Bell v. Whitehead Bros.

39 N.Y.S. 434 | N.Y. App. Div. | 1896

Herrick, J.:

This is an appeal from an order denying a motion of the defendant to change the place of trial from the county of Greene to the county of Saratoga. The motion was made upon two grounds: Ewst, that the county of Saratoga was the proper county, and, second, for the convenience of witnesses.

The complaint alleges that the plaintiff owned a quantity of moulding sand, situate in the town of Clifton Park, Saratoga county; that the defendant, by its officers, servants, agents and employees, wrongfully took a large quantity of such sand from where it lay and shipped it to New York city, and there sold it, and converted the proceeds to its own use and benefit, and asks damages from the defendant for such conversion.

The answer consists of a denial and an allegation that the defendant is the owner of the sand, and, therefore, rightfully in possession of it. The áffidavits disclose that the plaintiff claims to have purchased, by written contract, of one Miller, the owner of a farm in Clifton Park, Saratoga county, “ all the moulding sand upon that parcel of land owned by said Miller, bounded on the south and west *557by the farm of Granáis Yischer; ” that such parcel of land contained about thirteen acres.

The defendant in the affidavits used in its behalf denies that any of the sand that it took was any portion of that sold by Miller to the plaintiff. It will be observed that the taking of the sand was in Saratoga county; both the parties swear to about an equal number of witnesses; all of the defendant’s witnesses are said to reside in the town of Clifton Park, Saratoga county, where the farm in question is situated; the plaintiff’s witnesses are alleged, some of them to reside in Greene county, some in Albany county and one on Long Island.

Assuming for the purposes of this motion that the plaintiff’s witnesses who are not residents of Saratoga county are equal in number to those of the defendant who are residents therein, it seems to me that, in accordance with previous decisions of this court, the place of trial should be changed to the county of Saratoga, where the transactions took place which are the foundation for this action. (Murray v. Minier, 16 Wkly. Dig. 117; Zeller v. Powell, 17 id. 499; Maynard v. Chase, 30 N. Y. St. Repr. 348 ; Smith v.

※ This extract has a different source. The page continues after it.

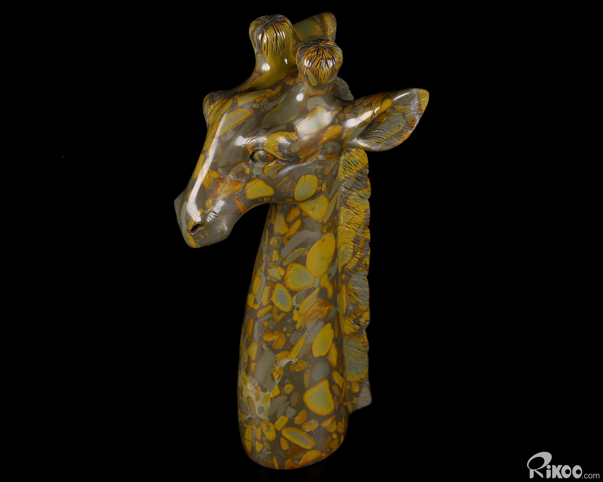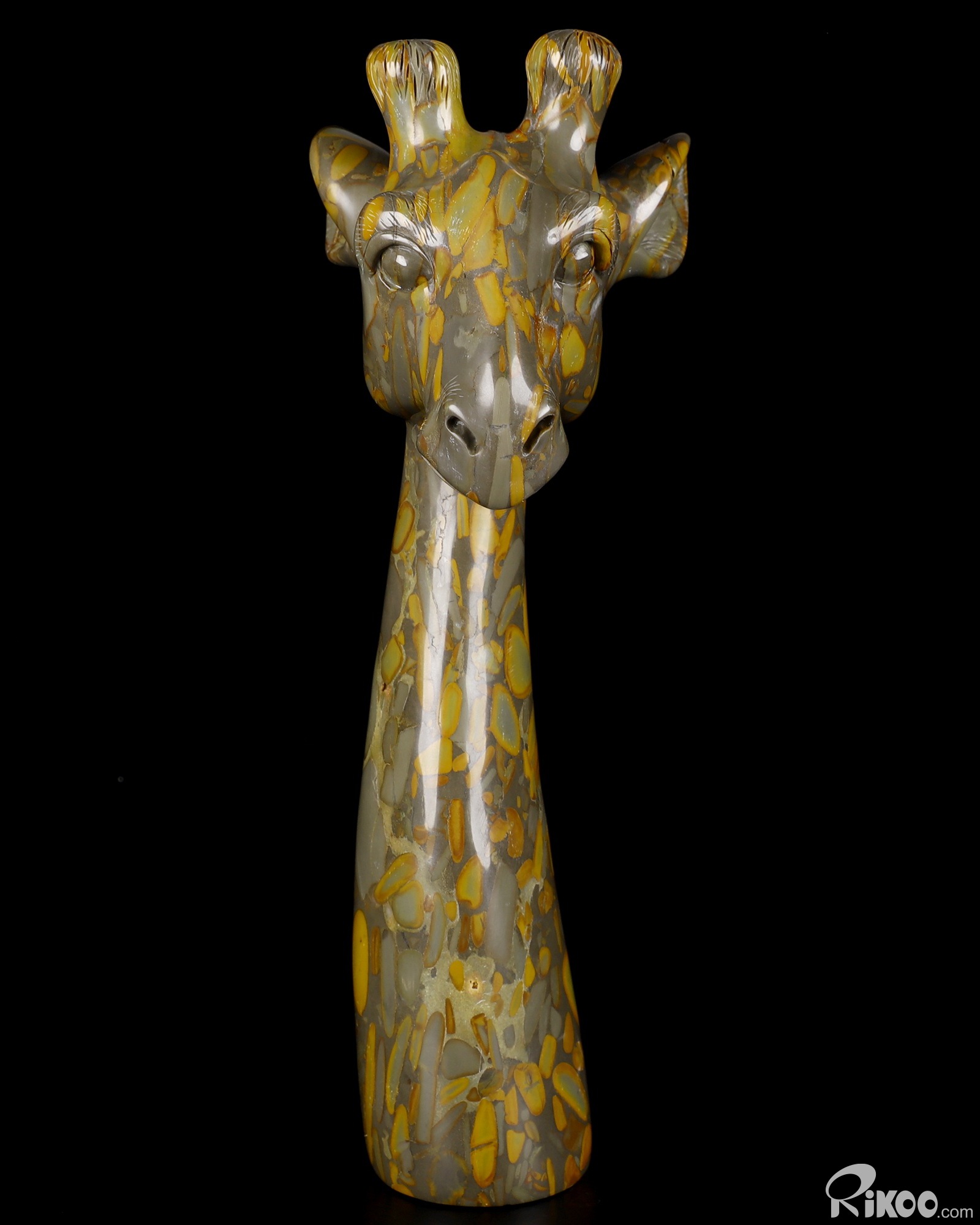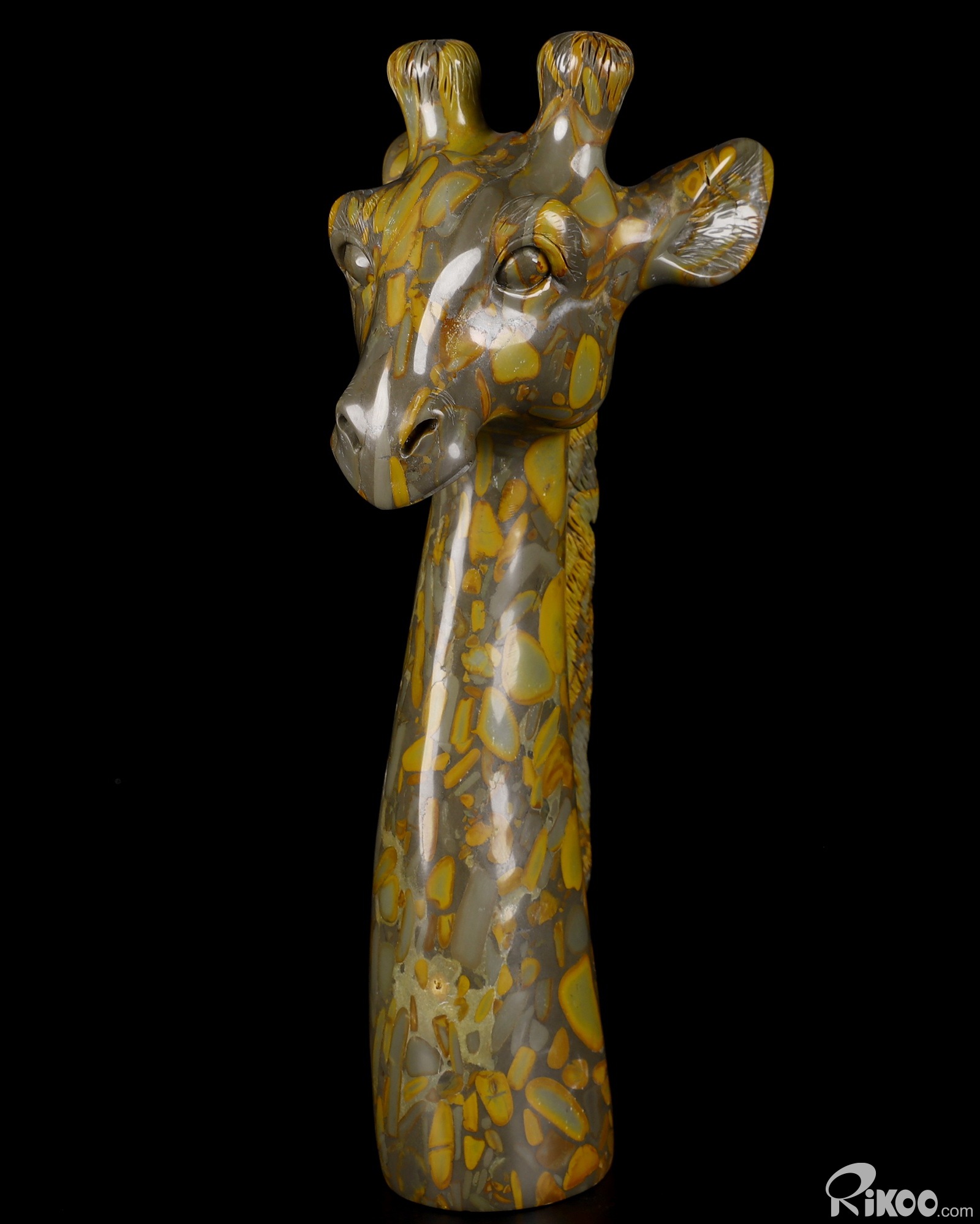 HUGE 8.1" Bamboo Stone Carved Crystal Giraffe Head

Mack, 70 Hun, 517.)

The plaintiff, however, makes the objection that the defendant’3 moving affidavit is defective, in that it does not disclose upon what it founds its alleged expectation that the witnesses named by it will testify to the facts it alleges it expects to prove by them.

The moving affidavit on the part of the defendant states what it expects to prove by each of the several persons named by it, but does not show any reason for such expectation, or any facts from which it can be inferred that such expectations are well founded, except as to certain witnesses whom it states were in the employ of the defendant, from whence it possibly might be inferred that they were the ones engaged in taking the sand in question, and knew where they took it from.

The necessity of stating the reason or ground of the affiant’s expectation as to what the witnesses will testify to, has been held in the first department in Imgard v. Duffy (73 Hun, 255); Bushnell v. Durant (83 id. 32); Thurfjell v. Witherbee (70 id. 401); Tuska v. Wood (81 id. 79); and in the fifth department in Chapin v. Overin (72 id. 517); McPhail v. Ridout (83 id. 446); while *558in the third department it has been held there is no necessity of the affiant’s alleging what information he has which enables him to state that the several witnesses named will testify to the facts set forth in the affidavit. (Myers v. Vill. of Lansingburgh, 54 Hun, 623; Smith v. Mack, 70 id. 517.) In the fourth department, in the case of Gilbert v. Shortsville Cart Co. (15 N. Y. Supp. 316), it is to be inferred from the prevailing opinion that, while the absence of a statement of the reason for the affiant’s expectations would not, perhaps, be regarded as a fatal defect, it would be considered as a circumstance in determining the merits of the motion.

The defendant has conformed to the practice that has existed in its district for many years, and should not be defeated for following it now.

The question is one of practice, and one which should be the same in all the departments of the State, but we do not feel prepared at present to depart from the rule that has heretofore prevailed in that portion of the present third department which constituted the former third department and now constitutes the major part of the present third department, yet we are inclined to think that while, perhaps, it is not a fatal defect to omit to state the grounds or reasons for the affiant’s expectation that the witnesses named by him will testify to the facts he alleges he expects to prove by them, still it is better practice to do so) and the failure of the affiant to make such statement may be taken into consideration by the court in passing upon the merits of the motion.

The order should be reversed, with ten dollars costs and disbursements, and the motion granted, with ten dollars costs to abide the event of the action.

All concurred.

Order reversed, with ten dollars costs and disbursements, and motion granted, with ten dollars costs to abide the event of the action.